◆ PROMPT: The line with "Over all length", the line with "Літня практика. Методичні", and all lines between them in the material below: return these exactly, and no others.

═════ MATERIAL TO PROCESS ═════

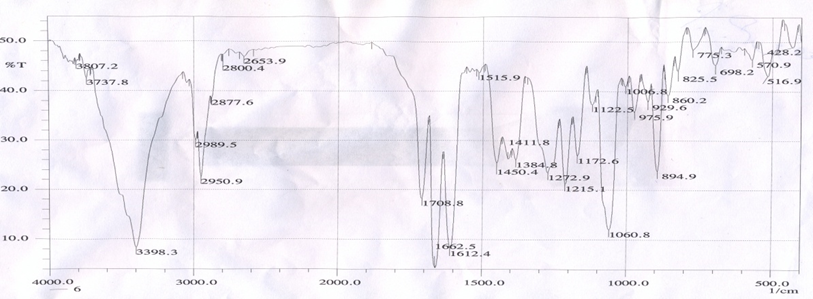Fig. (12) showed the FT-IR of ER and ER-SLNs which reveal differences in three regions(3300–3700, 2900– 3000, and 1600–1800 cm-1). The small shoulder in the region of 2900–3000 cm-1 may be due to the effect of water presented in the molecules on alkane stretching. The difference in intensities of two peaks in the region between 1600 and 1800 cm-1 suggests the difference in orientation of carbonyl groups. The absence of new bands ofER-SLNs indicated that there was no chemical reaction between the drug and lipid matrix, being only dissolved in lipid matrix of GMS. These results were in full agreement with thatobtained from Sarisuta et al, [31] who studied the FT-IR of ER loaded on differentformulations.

═════
═════ MATERIAL TO PROCESS ═════

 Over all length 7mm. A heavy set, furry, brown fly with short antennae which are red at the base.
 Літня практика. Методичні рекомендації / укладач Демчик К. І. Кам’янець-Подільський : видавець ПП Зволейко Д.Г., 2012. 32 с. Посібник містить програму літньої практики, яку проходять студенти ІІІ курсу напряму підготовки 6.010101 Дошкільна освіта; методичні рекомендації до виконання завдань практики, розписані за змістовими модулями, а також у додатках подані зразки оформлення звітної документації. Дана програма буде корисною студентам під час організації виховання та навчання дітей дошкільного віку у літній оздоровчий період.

═════

◆ THE ANSWER:
 Over all length 7mm. A heavy set, furry, brown fly with short antennae which are red at the base.
 Літня практика. Методичні рекомендації / укладач Демчик К. І. Кам’янець-Подільський : видавець ПП Зволейко Д.Г., 2012. 32 с. Посібник містить програму літньої практики, яку проходять студенти ІІІ курсу напряму підготовки 6.010101 Дошкільна освіта; методичні рекомендації до виконання завдань практики, розписані за змістовими модулями, а також у додатках подані зразки оформлення звітної документації. Дана програма буде корисною студентам під час організації виховання та навчання дітей дошкільного віку у літній оздоровчий період.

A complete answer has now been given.